Wednesday, October 22, 2008

First Promise; by Ashapurna Debi.

This is the first part of a trilogy, about three generations of women at various stages of liberty of personhood.

This one is about the first generation well taught with education and values given by her father. She is married and has children of her own and they include a daughter, a piece of her own heart - she wishes to educate her as she was, give her all she can.

But this was well over a century ago and the families had different ideas often, and laws were archaic. And to make matters worse, child marriages were not only prevalent they had been the rule since Islamic rule over most of the nation made it extremely risky to have a grown up daughter, or transport a young bride to the bridegroom's home.
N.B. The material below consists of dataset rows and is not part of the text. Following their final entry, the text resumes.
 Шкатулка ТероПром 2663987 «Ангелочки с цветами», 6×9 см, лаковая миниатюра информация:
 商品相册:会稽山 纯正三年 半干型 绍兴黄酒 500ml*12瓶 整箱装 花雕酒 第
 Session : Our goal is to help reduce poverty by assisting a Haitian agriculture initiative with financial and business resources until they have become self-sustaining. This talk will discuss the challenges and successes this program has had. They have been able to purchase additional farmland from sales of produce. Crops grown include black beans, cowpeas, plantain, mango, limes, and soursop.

It had been safer for a few centuries to marry off young girls, before they were anywhere near puberty. The new rule by British had not changed that.

Satyavatie's daughter, Suvarnalataa, was five, and Satyavatie had already made it clear she would not tolerate any talk of the child being married off until she was grown up and well educated, as she herself had been.
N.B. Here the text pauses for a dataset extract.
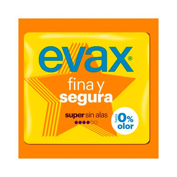 Su formato delgado de Evax Fina y Segura brinda una sensación de mayor confort. Incorporan el Sistema No Olor y un núcleo altamente absorbente que aporta seguridad y protección continua a lo largo del día.

But the mother-in-law tricked her - when the child was on a holiday visiting the grandparents she was married off before the mother could arrive and prevent it. The child was small and it was not abnormal socially, so the trauma for her began only when she was then dispatched off with the new relatives to her own in-laws home, and separated from her own mother - who arrived too late to stop the wedding but early enough to see her daughter married - by force, and had to live with them and take the lifelong taunts from them about her mother and her strange behaviour.
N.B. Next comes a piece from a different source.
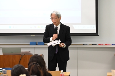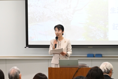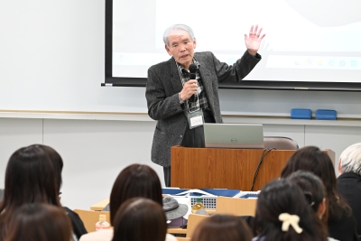 井口教授はこれまで生活文化学科の活動を支えてきた先人の尽力に敬服しつつ、生活心理専攻・幼児保育専攻それぞれの現在の学びについても紹介。日野市子ども包括支援センターみらいくとの連携にも触れ、「少子化、育児不安ななど教育問題が深刻化する現代社会だからこそ、生活者の視点に立って多様化・複雑化する生活課題を科学的かつ実践的に学ぶ必然性が増しています。今後も本学科の少人数制ならではの恵まれた学修環境を生かし、社会で自立して活躍できる次世代育成への貢献に尽力したいと思います」と結びました。

The daughter, Suvarnalata, is the next volume in the series, in many ways the one who battled more and with courage and strength she had inherited from her own mother - even though she had so little a time with her and no education to speak of. She carried the mother's dream forth, with resolve, fighting not only her own mother-in-law and the rest of society, but even her own sons, who were on the side of social norms about marrying off the youngest - the third woman in the series.

It is really hard to put a value on the series, practically a chronicle of generations of women, though the pattern was not same for every family where India is concerned - it never is, in India.

Fortunately. Because that is what makes progress and evolution not only possible but easier, with no central authority conducting inquisition.